_Record extracts_
======
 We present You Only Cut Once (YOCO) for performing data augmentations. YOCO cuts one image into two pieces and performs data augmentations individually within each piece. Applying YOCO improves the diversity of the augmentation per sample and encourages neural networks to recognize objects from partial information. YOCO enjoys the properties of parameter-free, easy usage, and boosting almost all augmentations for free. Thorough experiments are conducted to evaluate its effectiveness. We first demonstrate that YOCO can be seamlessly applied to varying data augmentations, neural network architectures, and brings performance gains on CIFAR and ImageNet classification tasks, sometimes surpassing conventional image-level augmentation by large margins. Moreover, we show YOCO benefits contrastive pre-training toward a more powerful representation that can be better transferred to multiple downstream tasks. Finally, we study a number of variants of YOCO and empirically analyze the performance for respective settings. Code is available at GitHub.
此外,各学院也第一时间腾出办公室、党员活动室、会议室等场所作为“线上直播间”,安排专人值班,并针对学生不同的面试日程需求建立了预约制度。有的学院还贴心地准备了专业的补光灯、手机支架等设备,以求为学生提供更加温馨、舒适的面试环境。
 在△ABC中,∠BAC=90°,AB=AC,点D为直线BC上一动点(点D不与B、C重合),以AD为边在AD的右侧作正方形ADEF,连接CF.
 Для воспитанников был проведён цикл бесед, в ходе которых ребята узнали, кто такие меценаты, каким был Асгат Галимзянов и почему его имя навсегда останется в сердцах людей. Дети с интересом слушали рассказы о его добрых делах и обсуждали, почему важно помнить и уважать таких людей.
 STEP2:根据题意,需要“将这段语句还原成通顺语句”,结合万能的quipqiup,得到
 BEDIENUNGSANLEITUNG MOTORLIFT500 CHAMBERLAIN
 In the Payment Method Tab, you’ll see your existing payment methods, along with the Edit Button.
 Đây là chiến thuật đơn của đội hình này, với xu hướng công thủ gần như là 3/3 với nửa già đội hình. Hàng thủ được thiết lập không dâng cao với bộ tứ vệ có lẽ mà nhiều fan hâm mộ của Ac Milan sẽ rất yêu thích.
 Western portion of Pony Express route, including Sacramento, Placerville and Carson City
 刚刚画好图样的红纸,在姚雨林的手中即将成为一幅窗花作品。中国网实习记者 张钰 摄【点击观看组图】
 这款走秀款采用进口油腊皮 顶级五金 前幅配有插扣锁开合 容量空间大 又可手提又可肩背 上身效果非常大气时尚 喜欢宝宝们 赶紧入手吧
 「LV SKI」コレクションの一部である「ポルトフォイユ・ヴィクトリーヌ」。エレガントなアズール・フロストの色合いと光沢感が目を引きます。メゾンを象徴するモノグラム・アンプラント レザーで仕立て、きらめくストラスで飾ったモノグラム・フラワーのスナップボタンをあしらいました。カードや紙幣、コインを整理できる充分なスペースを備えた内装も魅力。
======
_Task requirements_
Every line from the one containing "刚刚画好图样的红纸,在姚雨林的手中即将成为一幅窗花作品。中国网实习记者 张钰 摄【点击观看组图】" through the end of the data must be repeated exactly, and no other line.

_Reply to the exercise_
 刚刚画好图样的红纸,在姚雨林的手中即将成为一幅窗花作品。中国网实习记者 张钰 摄【点击观看组图】
 这款走秀款采用进口油腊皮 顶级五金 前幅配有插扣锁开合 容量空间大 又可手提又可肩背 上身效果非常大气时尚 喜欢宝宝们 赶紧入手吧
 「LV SKI」コレクションの一部である「ポルトフォイユ・ヴィクトリーヌ」。エレガントなアズール・フロストの色合いと光沢感が目を引きます。メゾンを象徴するモノグラム・アンプラント レザーで仕立て、きらめくストラスで飾ったモノグラム・フラワーのスナップボタンをあしらいました。カードや紙幣、コインを整理できる充分なスペースを備えた内装も魅力。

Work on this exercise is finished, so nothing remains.